::: Data supplied :::
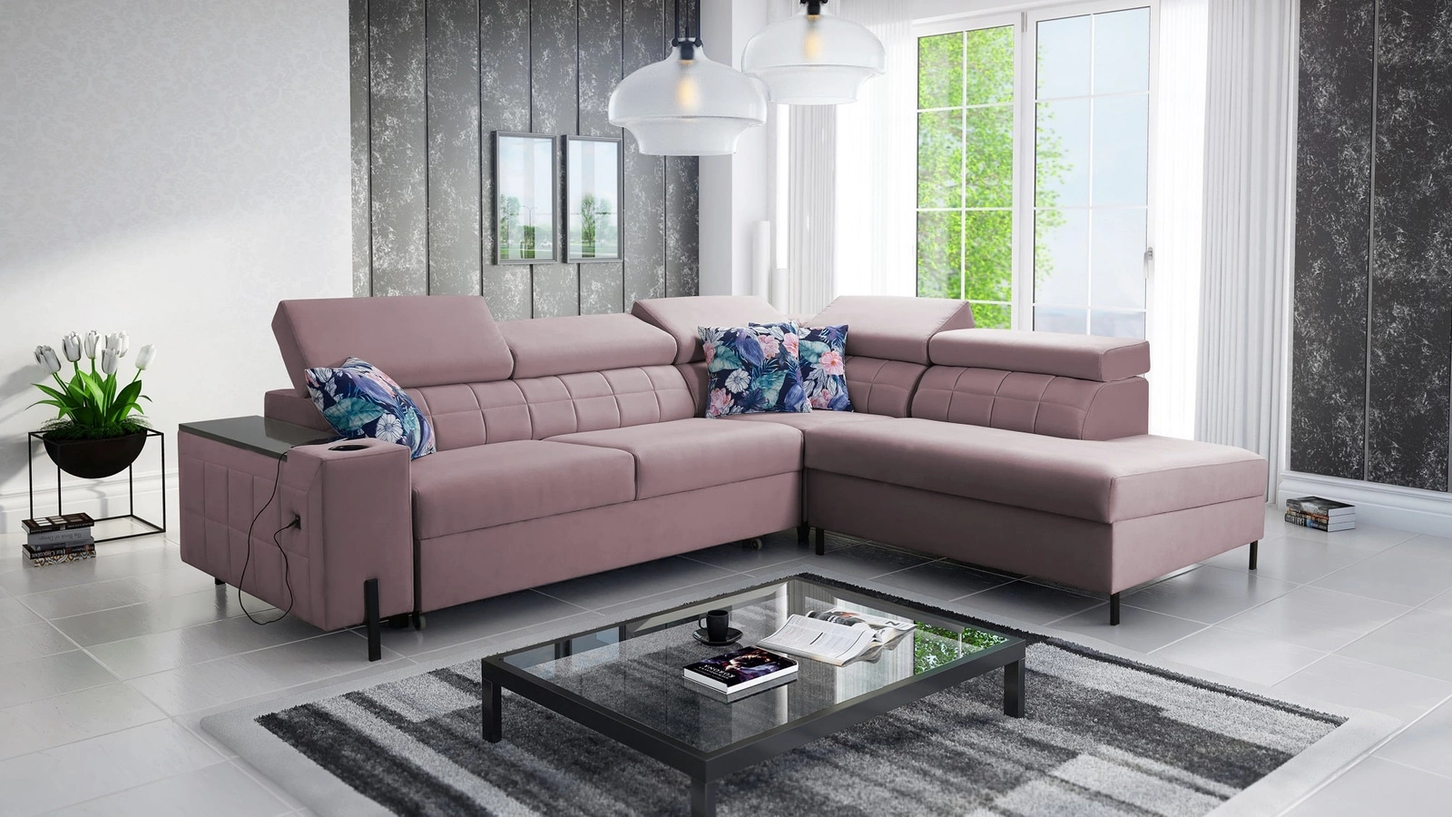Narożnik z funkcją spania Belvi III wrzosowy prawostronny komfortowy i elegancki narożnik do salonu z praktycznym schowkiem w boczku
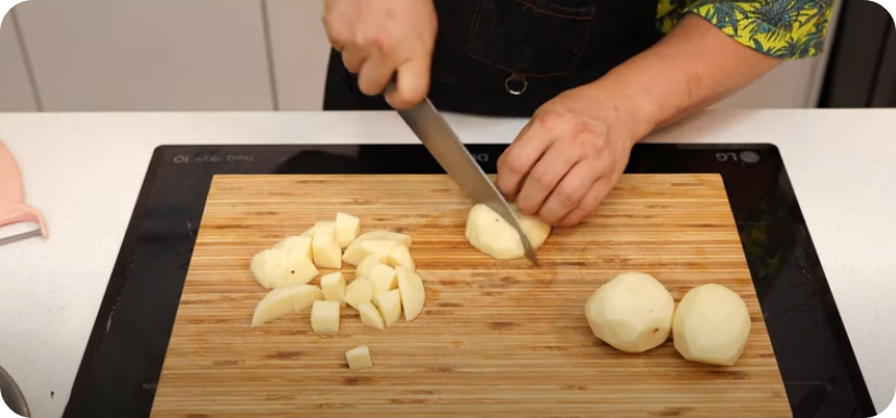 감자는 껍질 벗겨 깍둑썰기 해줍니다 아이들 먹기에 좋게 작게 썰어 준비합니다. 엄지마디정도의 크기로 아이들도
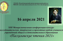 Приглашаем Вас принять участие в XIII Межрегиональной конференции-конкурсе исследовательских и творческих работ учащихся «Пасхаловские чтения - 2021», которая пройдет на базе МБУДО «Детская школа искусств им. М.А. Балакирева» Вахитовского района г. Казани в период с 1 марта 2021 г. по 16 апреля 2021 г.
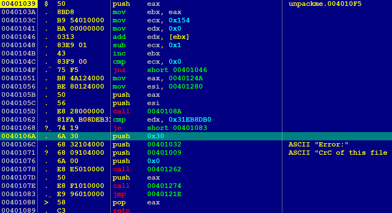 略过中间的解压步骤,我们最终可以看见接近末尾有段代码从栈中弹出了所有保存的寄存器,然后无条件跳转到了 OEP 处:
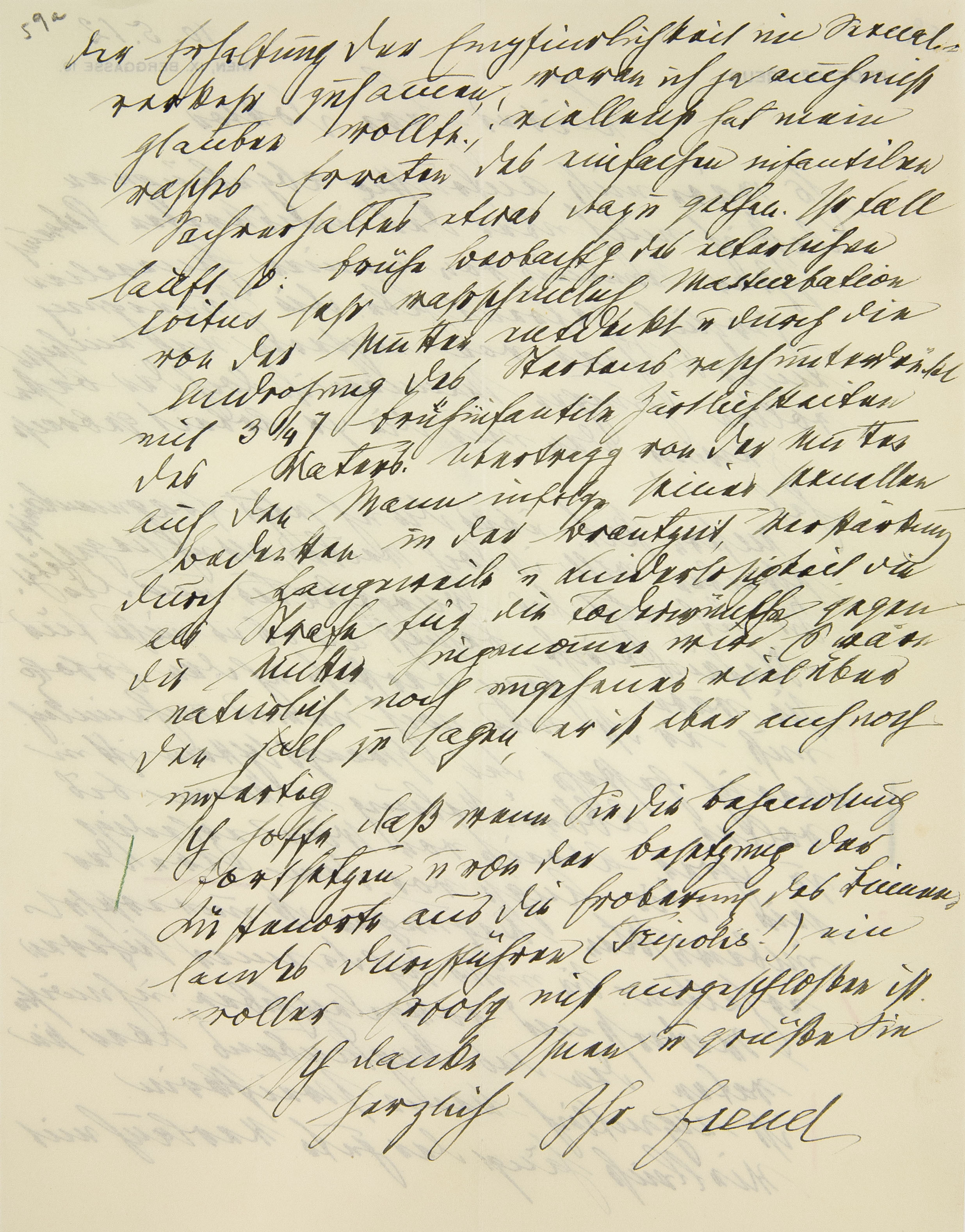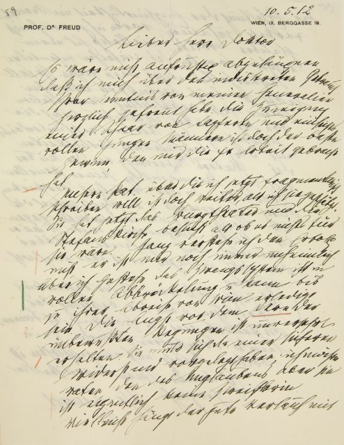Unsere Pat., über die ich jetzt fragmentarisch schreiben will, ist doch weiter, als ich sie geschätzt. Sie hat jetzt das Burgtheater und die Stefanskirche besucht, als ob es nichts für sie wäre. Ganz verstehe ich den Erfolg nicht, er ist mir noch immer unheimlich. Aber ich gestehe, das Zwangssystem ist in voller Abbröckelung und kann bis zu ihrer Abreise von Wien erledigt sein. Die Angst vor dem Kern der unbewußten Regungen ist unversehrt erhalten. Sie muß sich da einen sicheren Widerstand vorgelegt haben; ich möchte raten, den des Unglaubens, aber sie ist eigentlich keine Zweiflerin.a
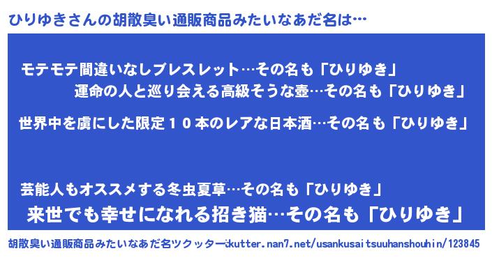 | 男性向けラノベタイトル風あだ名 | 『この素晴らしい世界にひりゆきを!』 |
:::
Repeat every record above exactly. The pictures do not belong in the copy.

Narożnik z funkcją spania Belvi III wrzosowy prawostronny komfortowy i elegancki narożnik do salonu z praktycznym schowkiem w boczku
 감자는 껍질 벗겨 깍둑썰기 해줍니다 아이들 먹기에 좋게 작게 썰어 준비합니다. 엄지마디정도의 크기로 아이들도
 Приглашаем Вас принять участие в XIII Межрегиональной конференции-конкурсе исследовательских и творческих работ учащихся «Пасхаловские чтения - 2021», которая пройдет на базе МБУДО «Детская школа искусств им. М.А. Балакирева» Вахитовского района г. Казани в период с 1 марта 2021 г. по 16 апреля 2021 г.
 略过中间的解压步骤,我们最终可以看见接近末尾有段代码从栈中弹出了所有保存的寄存器,然后无条件跳转到了 OEP 处:
Unsere Pat., über die ich jetzt fragmentarisch schreiben will, ist doch weiter, als ich sie geschätzt. Sie hat jetzt das Burgtheater und die Stefanskirche besucht, als ob es nichts für sie wäre. Ganz verstehe ich den Erfolg nicht, er ist mir noch immer unheimlich. Aber ich gestehe, das Zwangssystem ist in voller Abbröckelung und kann bis zu ihrer Abreise von Wien erledigt sein. Die Angst vor dem Kern der unbewußten Regungen ist unversehrt erhalten. Sie muß sich da einen sicheren Widerstand vorgelegt haben; ich möchte raten, den des Unglaubens, aber sie ist eigentlich keine Zweiflerin.a
 | 男性向けラノベタイトル風あだ名 | 『この素晴らしい世界にひりゆきを!』 |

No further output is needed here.